Bij patiënten die een stabiele behandeling met tamsulosine kregen, was het gemiddelde van de maximale verlagingen, afgetrokken van het placebo-effect, in staande en liggende systolische bloeddruk na toediening van avanafil respectievelijk 3,6 mmHg en 3,1 mmHg mmHg en 5 van de 24 patiënten hadden een bloeddruk of verlagingen vanaf baseline van potentieel klinisch belang na toediening van avanafil (zie rubriek 4.4) Geen gevallen van syncope of andere ernstige bijwerkingen geassocieerd met verlaagde bloeddruk bij geen enkele cohort van proefpersonen.
Andere antihypertensiva dan alfablokkers
Er is een klinische studie uitgevoerd om het effect van avanafil op de versterking van de bloeddrukverlagende effecten van sommige antihypertensiva (amlodipine en enalapril) te evalueren. De resultaten toonden een gemiddelde maximale verlaging van de bloeddruk in liggende houding van 2/3 mmHg versus placebo met enalapril en 1 / -1 mmHg met amlodipine wanneer avanafil gelijktijdig werd toegediend. Er was een statistisch significant verschil in maximale verlaging vanaf baseline van diastolische bloeddruk in liggende positie met enalapril en avanafil alleen, waarde die 4 uur na de dosis avanafil terugkeerde naar baseline. In beide cohorten, ervoer één proefpersoon een verlaging van de bloeddruk zonder symptomen van hypotensie, die binnen 1 uur na aanvang verdween. Avanafil heeft geen effect op de farmacokinetiek van amlodipine, maar amlodipine verhoogt de maximale en totale blootstelling aan avanafil met respectievelijk 28% en 60%.
Alcohol
Het gebruik van alcohol in combinatie met avanafil kan de kans op symptomatische hypotensie vergroten. In een drievoudig cross-overonderzoek met enkelvoudige doses bij gezonde proefpersonen was de gemiddelde maximale verlaging van de diastolische bloeddruk significant hoger na toediening van avanafil met alcohol, in vergelijking met alleen avanafil (3,2 mmHg) of alleen alcohol (5,0 mmHg) ( zie rubriek 4.4).
Andere behandelingen voor erectiestoornissen
De veiligheid en werkzaamheid van combinaties van avanafil en andere PDE5-remmers of andere behandelingen voor erectiestoornissen zijn niet onderzocht (zie rubriek 4.4).

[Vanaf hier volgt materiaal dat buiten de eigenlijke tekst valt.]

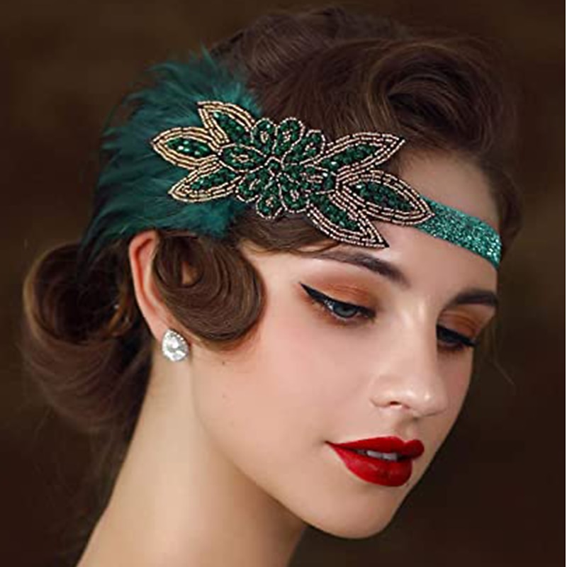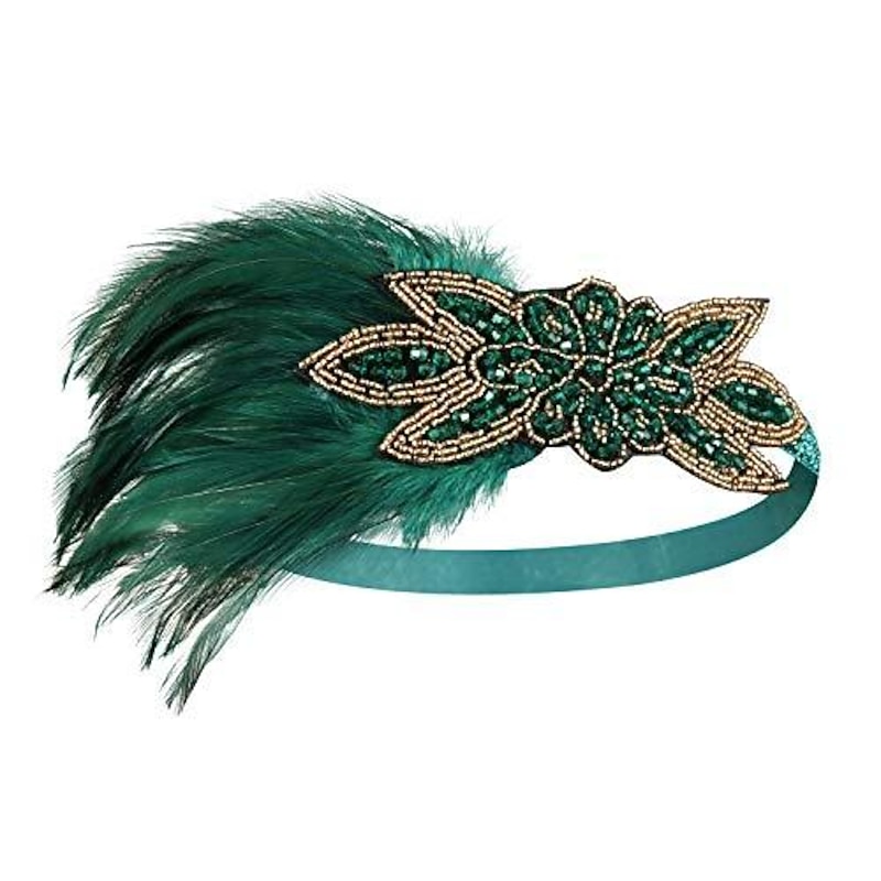 Highlights 【 Material】High quality beaded, feather and elastic ribbon. 【Size】The rhinestone decoration is about: 14.5*5cm (5.7*1.97 inch); Feather size: 17*20cm (6.69*7.87 inch); Elastic band perimeter size: 50*1.5cm (19.68*0.59 inch), which can stretch about 8cm (3.15 inch). 【Design】 The fabulous flapper headband features a gorgeous set of dark green coque bursting out the side of a beautiful feather and beaded applique. Sitting on a sparkling dark green stretch hairband, this piece from SWEETV is speakeasy stunning! 【Feature】Retro design with delicate handcraft compliments a much more comfortable and pleasant wearing experience. A stunning great gatsby party costume hair accessories, 1920s headband with feather, extremely impressive and attractive. 【Any Occasion Accessory】 Ideal for Cocktail, Prom, Evening party, Christmas, Dancing, 1920s Gatsby Party, Art Deco party,1920's Wedding.It also a great gift for ladies!
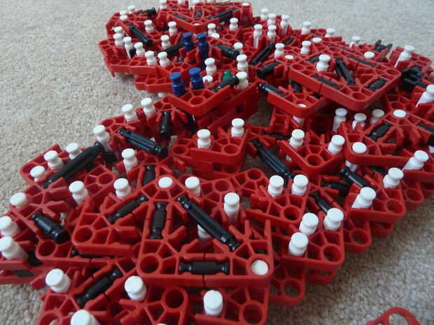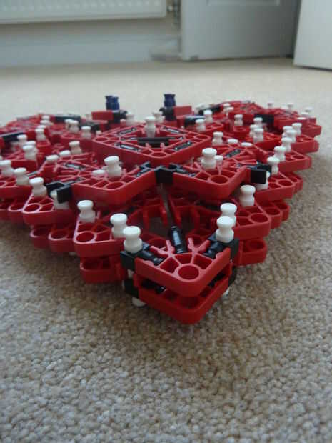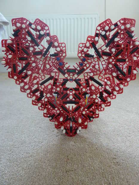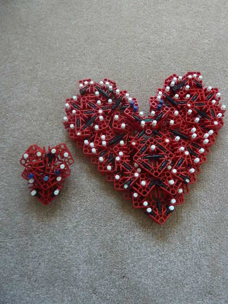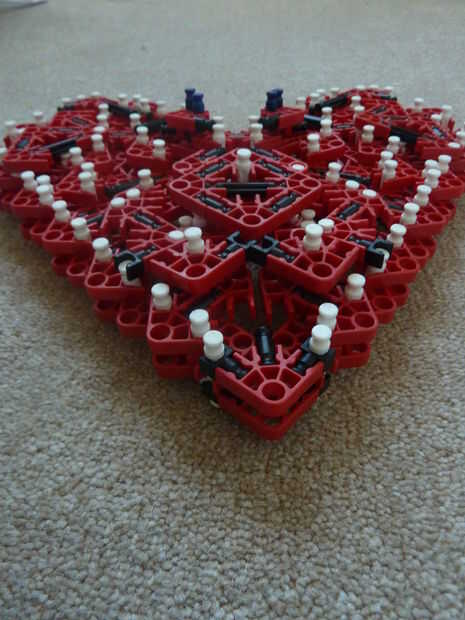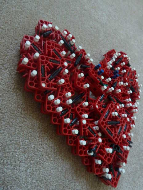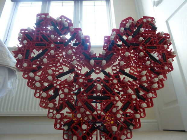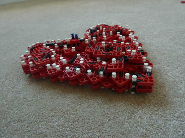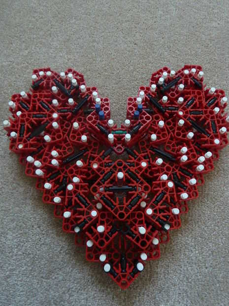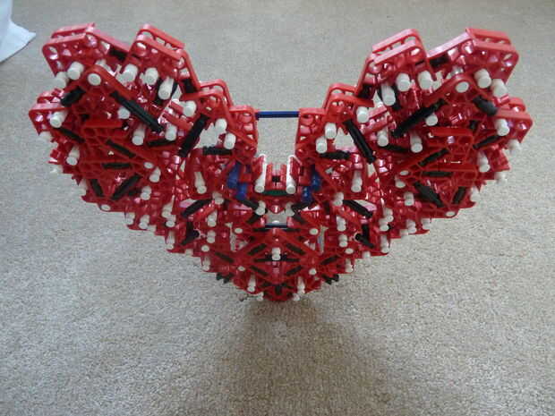 Sé que en el pasado, otros corazones de K'nex han sido escritos, pero a diferencia mía, lo suyo no es rellenado y me refiero a... de qué sirve un corazón si es no es llena de amor y felicidad - los 2 ingredientes más importantes para un corazón. Además, se trata de la única K'nex corazón completamente de un solo tipo de conector: conectores rojo!

Effecten van andere stoffen op avanafil
Avanafil is een substraat van CYP3A4 en wordt voornamelijk gemetaboliseerd door dit cytochroom. Studies hebben aangetoond dat geneesmiddelen die CYP3A4 remmen, de blootstelling aan avanafil kunnen verhogen (zie rubriek 4.2).
CYP3A4-remmers
Ketoconazol (400 mg per dag), een selectieve en zeer krachtige remmer van CYP3A4, verhoogde de Cmax en blootstelling (AUC) van een enkelvoudige dosis van 50 mg avanafil met respectievelijk een factor 3 en een factor 14, en verlengde de halfwaardetijd. van avanafil ongeveer 9 uur. Ritonavir (600 mg per dag), een zeer krachtige CYP3A4-remmer, die ook CYP2C9 remt, verhoogde de Cmax en AUC van een enkelvoudige dosis van 50 mg avanafil met respectievelijk een factor 2 en een factor 13, en verlengde de halfwaardetijd van avanafil. ongeveer 9 uur. Andere krachtige CYP3A4-remmers (bijv. itraconazol, voriconazol, claritromycine, nefazodon, saquinavir, nelfinavir, indinavir, atazanavir en telitromycine) hebben naar verwachting vergelijkbare effecten. Daarom is gelijktijdige toediening van avanafil en krachtige CYP3A4-remmers gecontradiceerd (zie rubriek 4.3). en 4.4).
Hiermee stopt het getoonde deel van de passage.